_Work order_: Please repeat each line from the one holding "[포토] 공명선거 다짐하는 4·29 재보선 관악을 후보들" through the final line of the data, exactly as it stands, with no pictures.

▬▬▬▬▬▬

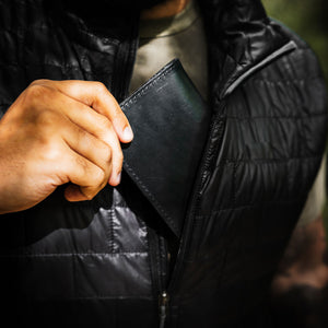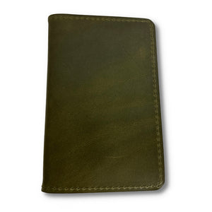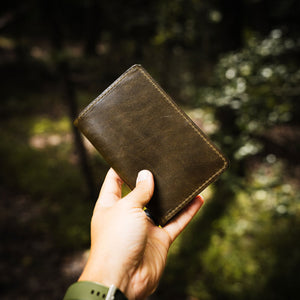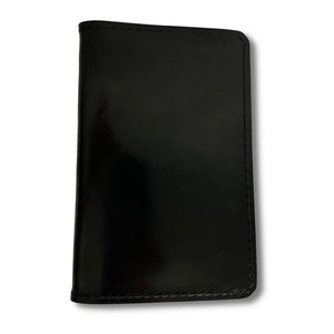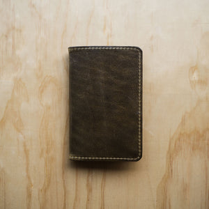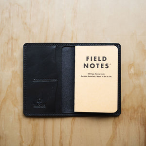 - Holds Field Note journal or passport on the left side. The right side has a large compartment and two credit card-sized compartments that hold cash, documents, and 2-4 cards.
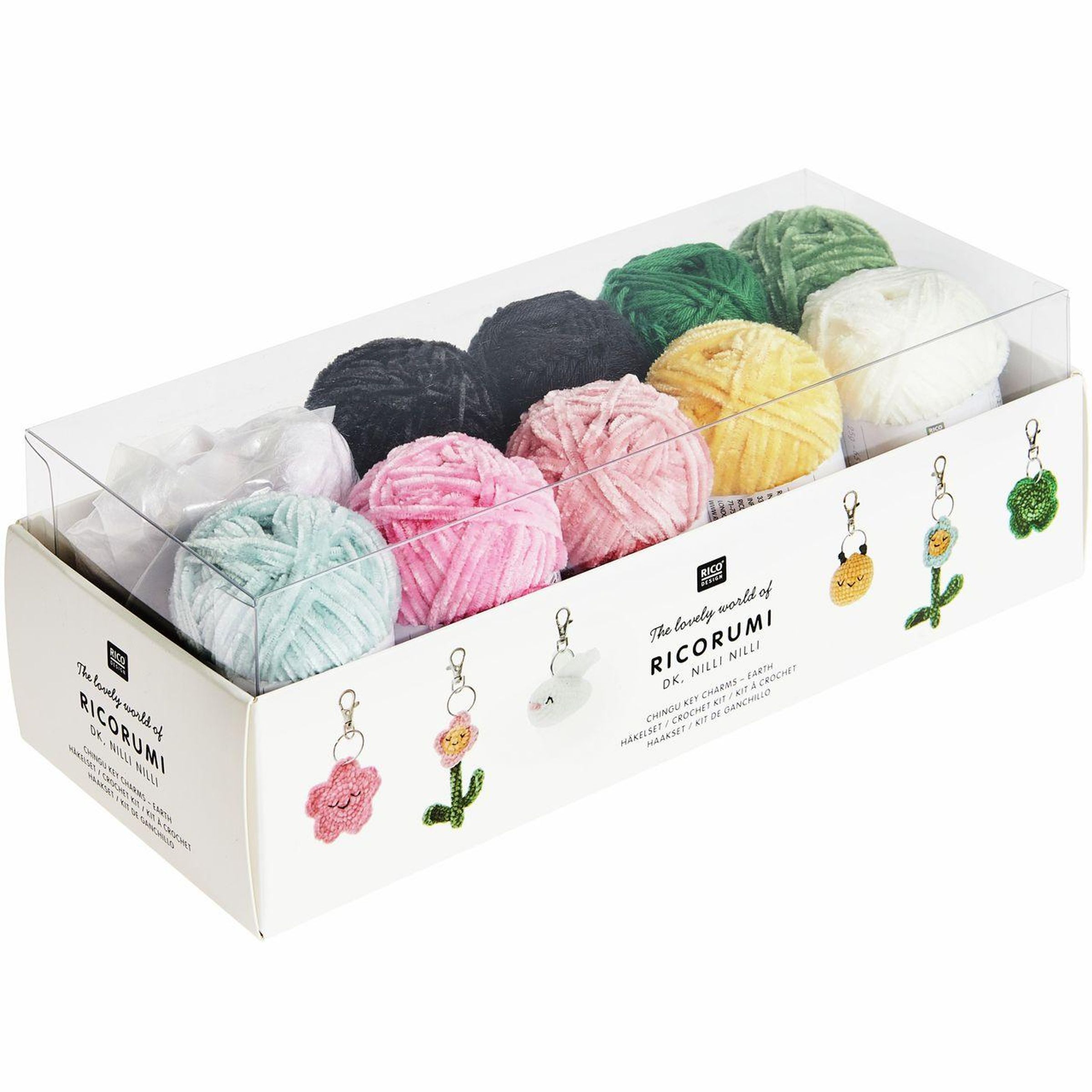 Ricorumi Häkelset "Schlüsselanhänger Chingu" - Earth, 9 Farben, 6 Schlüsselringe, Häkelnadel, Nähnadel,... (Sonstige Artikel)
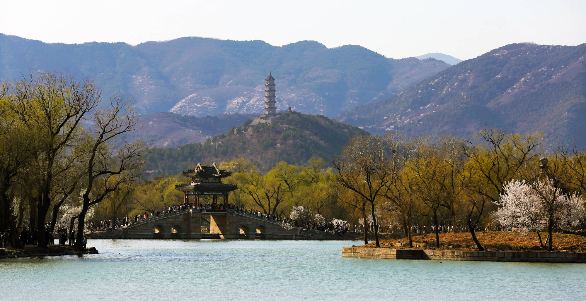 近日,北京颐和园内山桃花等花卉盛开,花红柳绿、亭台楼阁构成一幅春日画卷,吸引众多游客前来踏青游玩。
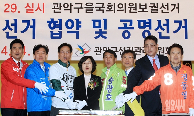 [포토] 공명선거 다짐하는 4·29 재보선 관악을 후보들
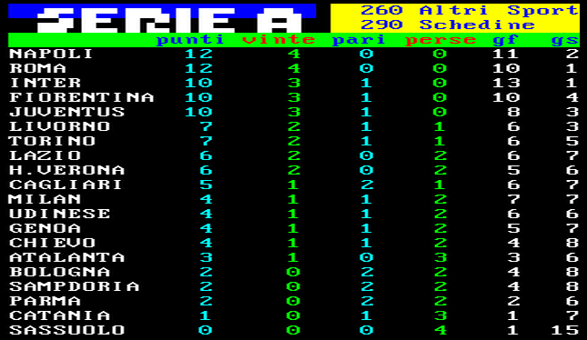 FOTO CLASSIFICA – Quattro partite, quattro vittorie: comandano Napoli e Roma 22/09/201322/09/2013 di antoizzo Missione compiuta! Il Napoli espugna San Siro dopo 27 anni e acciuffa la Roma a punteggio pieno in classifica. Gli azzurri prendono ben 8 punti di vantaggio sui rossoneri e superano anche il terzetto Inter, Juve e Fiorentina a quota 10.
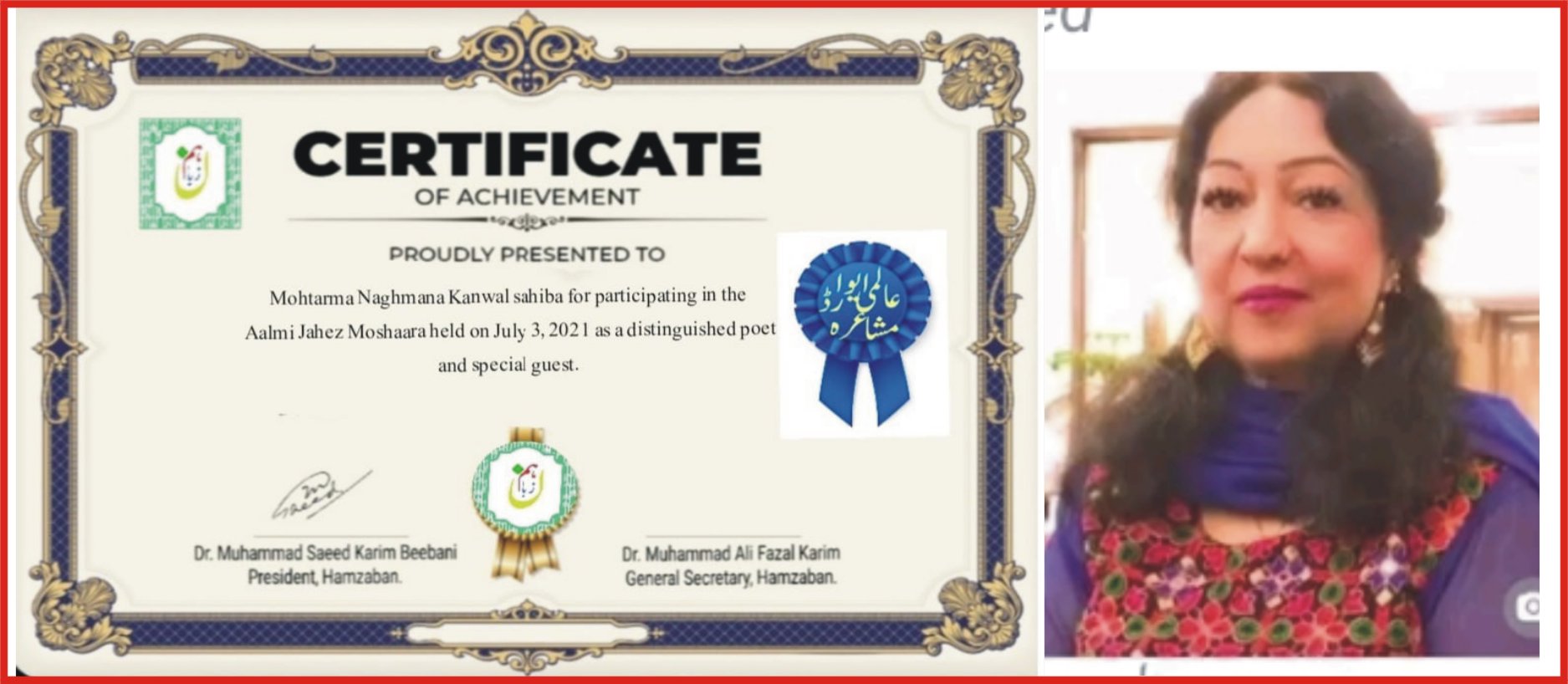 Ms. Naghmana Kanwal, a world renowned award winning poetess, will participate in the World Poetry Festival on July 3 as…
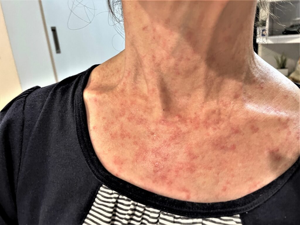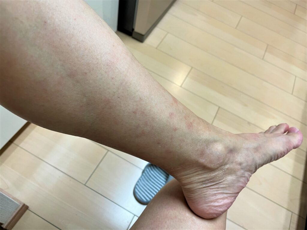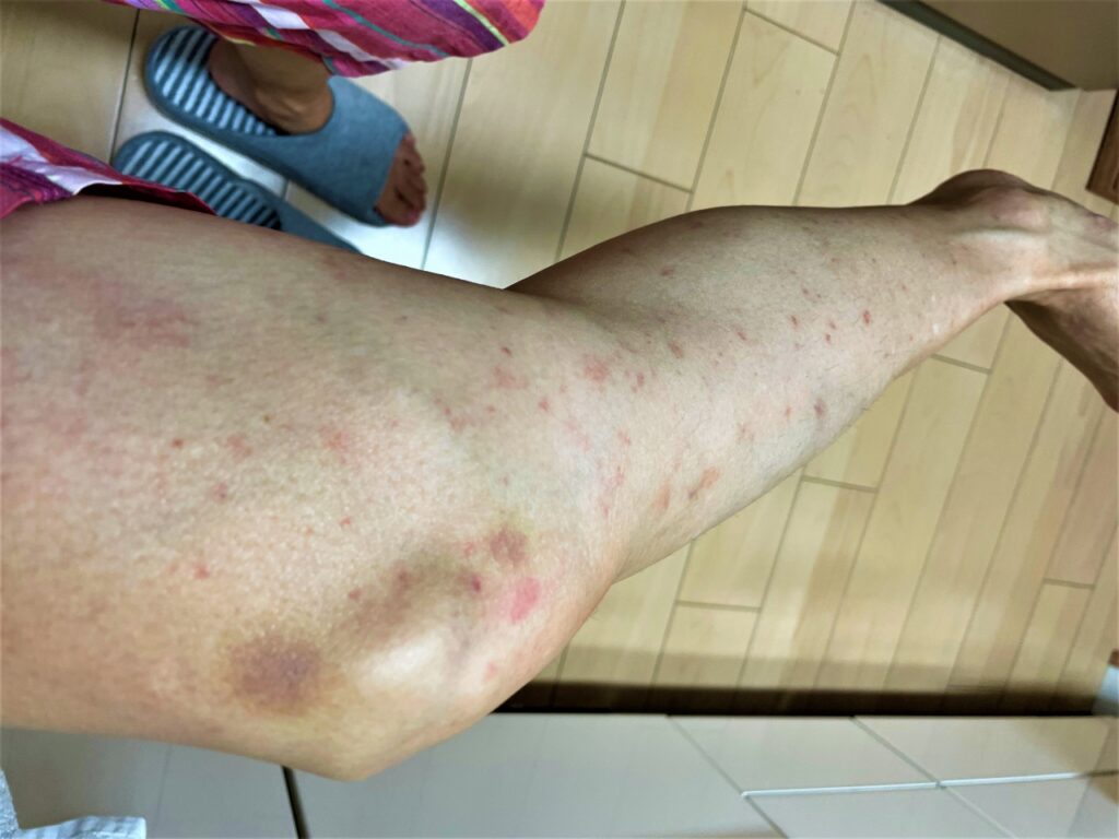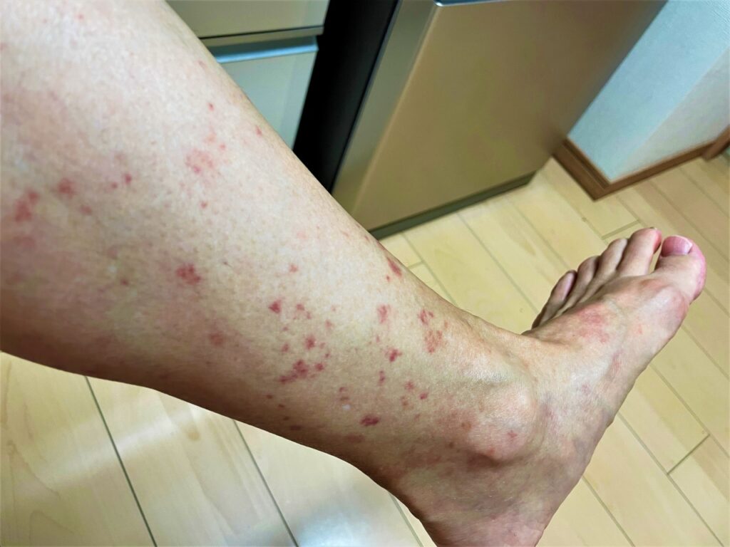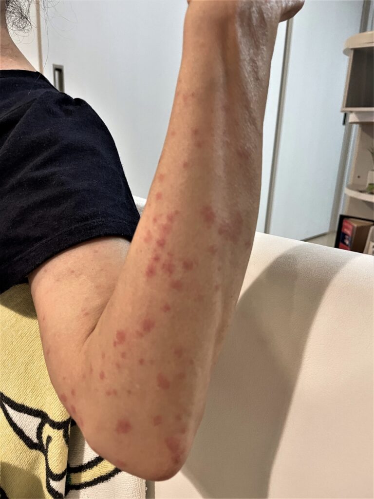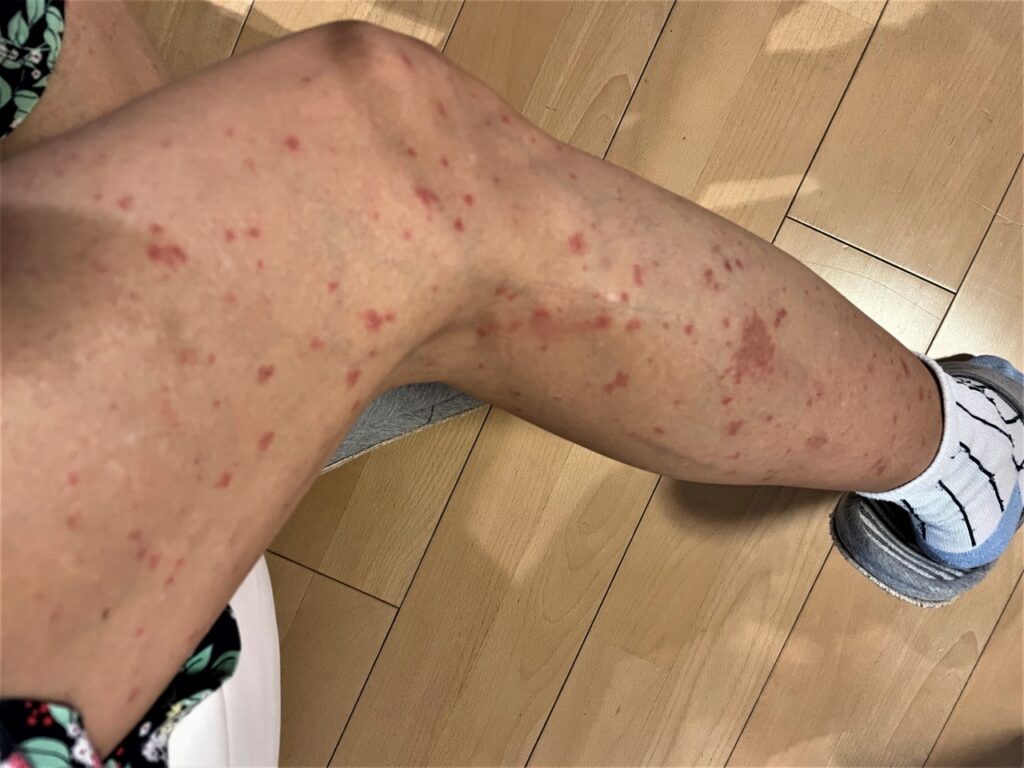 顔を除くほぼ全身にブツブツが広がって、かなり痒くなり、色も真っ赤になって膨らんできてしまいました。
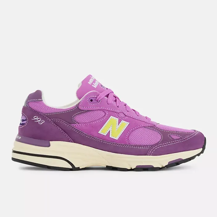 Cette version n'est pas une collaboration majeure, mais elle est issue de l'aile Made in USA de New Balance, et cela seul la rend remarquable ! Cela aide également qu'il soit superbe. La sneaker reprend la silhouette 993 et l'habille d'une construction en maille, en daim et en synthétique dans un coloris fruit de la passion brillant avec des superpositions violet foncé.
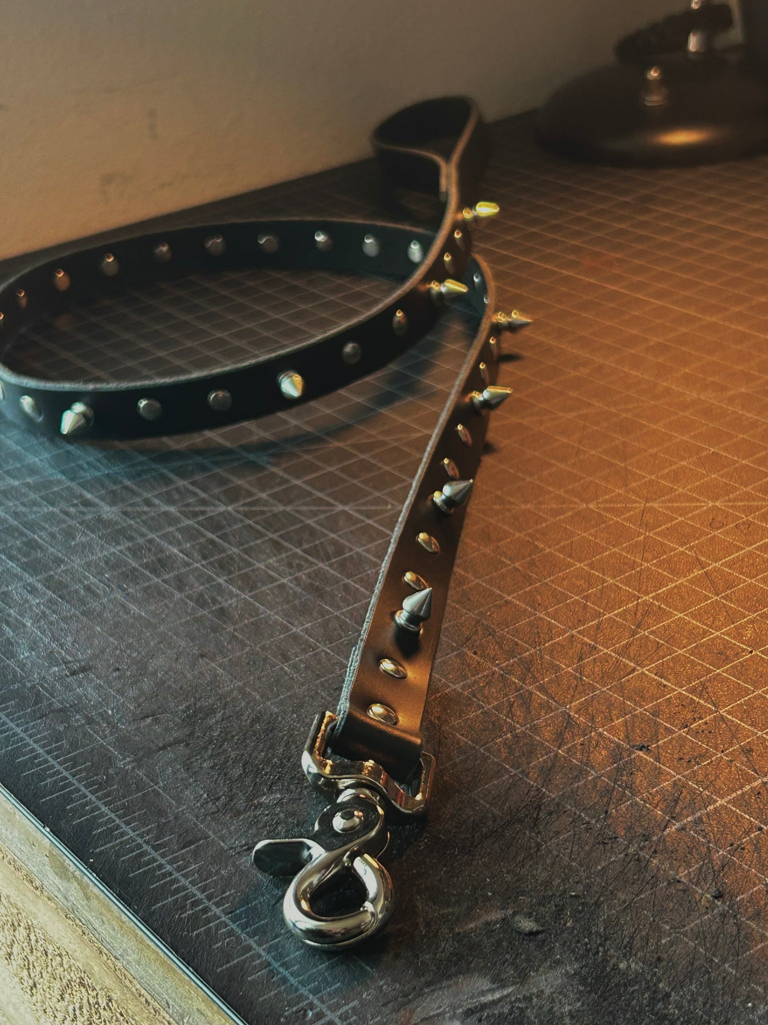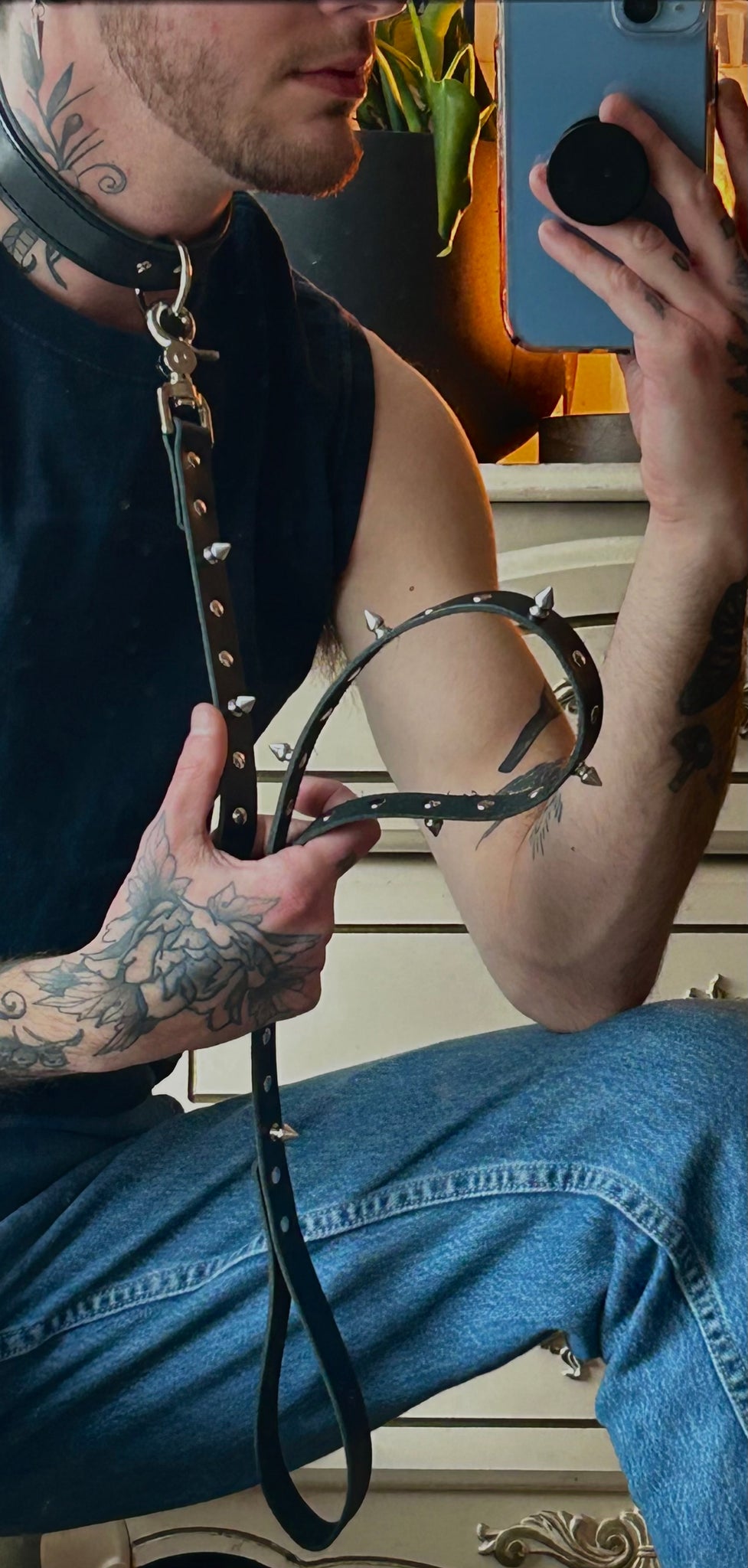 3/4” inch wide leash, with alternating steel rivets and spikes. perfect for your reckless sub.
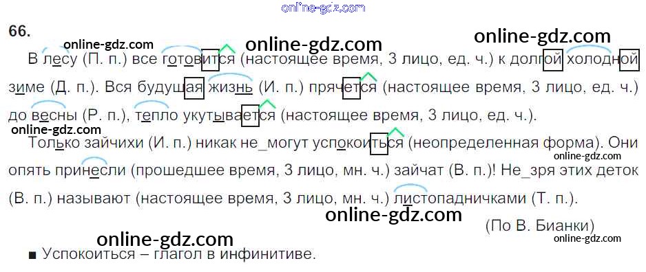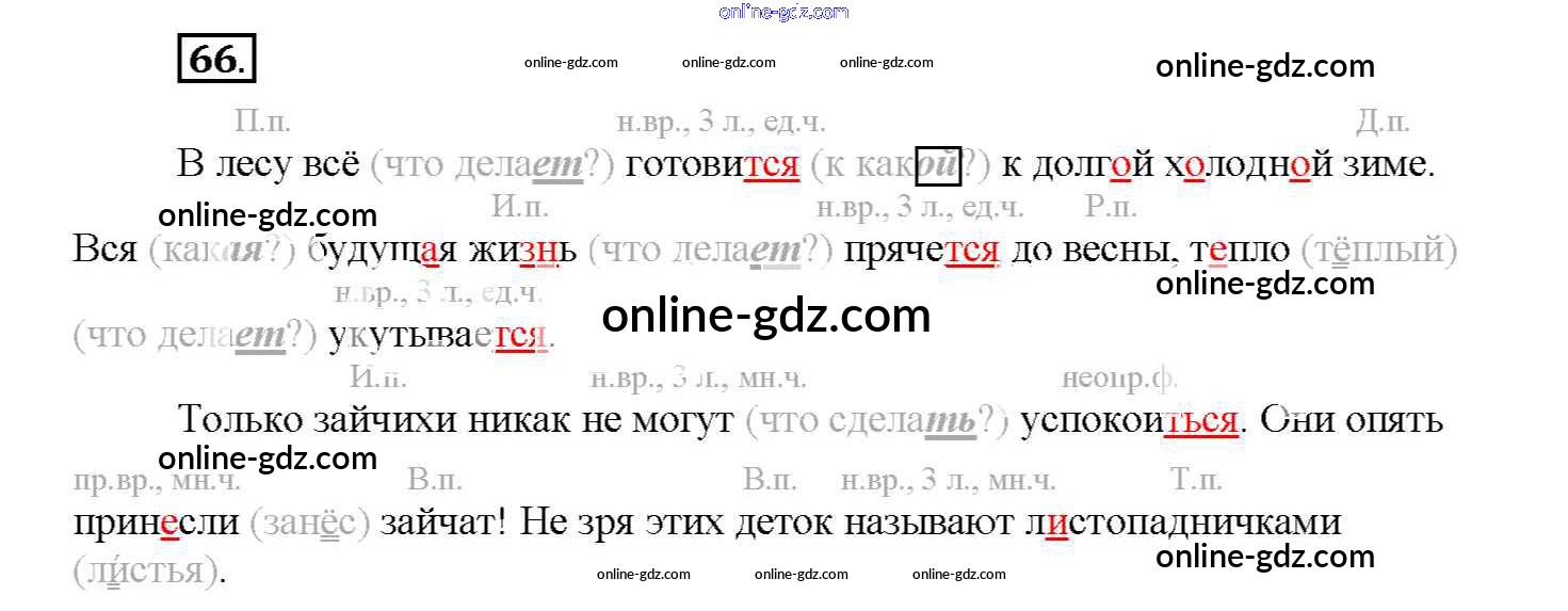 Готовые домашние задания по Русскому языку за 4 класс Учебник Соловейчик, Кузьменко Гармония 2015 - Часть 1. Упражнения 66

▬▬▬▬▬▬

_Answer box_:
 [포토] 공명선거 다짐하는 4·29 재보선 관악을 후보들
 FOTO CLASSIFICA – Quattro partite, quattro vittorie: comandano Napoli e Roma 22/09/201322/09/2013 di antoizzo Missione compiuta! Il Napoli espugna San Siro dopo 27 anni e acciuffa la Roma a punteggio pieno in classifica. Gli azzurri prendono ben 8 punti di vantaggio sui rossoneri e superano anche il terzetto Inter, Juve e Fiorentina a quota 10.
 Ms. Naghmana Kanwal, a world renowned award winning poetess, will participate in the World Poetry Festival on July 3 as…
 顔を除くほぼ全身にブツブツが広がって、かなり痒くなり、色も真っ赤になって膨らんできてしまいました。
 Cette version n'est pas une collaboration majeure, mais elle est issue de l'aile Made in USA de New Balance, et cela seul la rend remarquable ! Cela aide également qu'il soit superbe. La sneaker reprend la silhouette 993 et l'habille d'une construction en maille, en daim et en synthétique dans un coloris fruit de la passion brillant avec des superpositions violet foncé.
 3/4” inch wide leash, with alternating steel rivets and spikes. perfect for your reckless sub.
 Готовые домашние задания по Русскому языку за 4 класс Учебник Соловейчик, Кузьменко Гармония 2015 - Часть 1. Упражнения 66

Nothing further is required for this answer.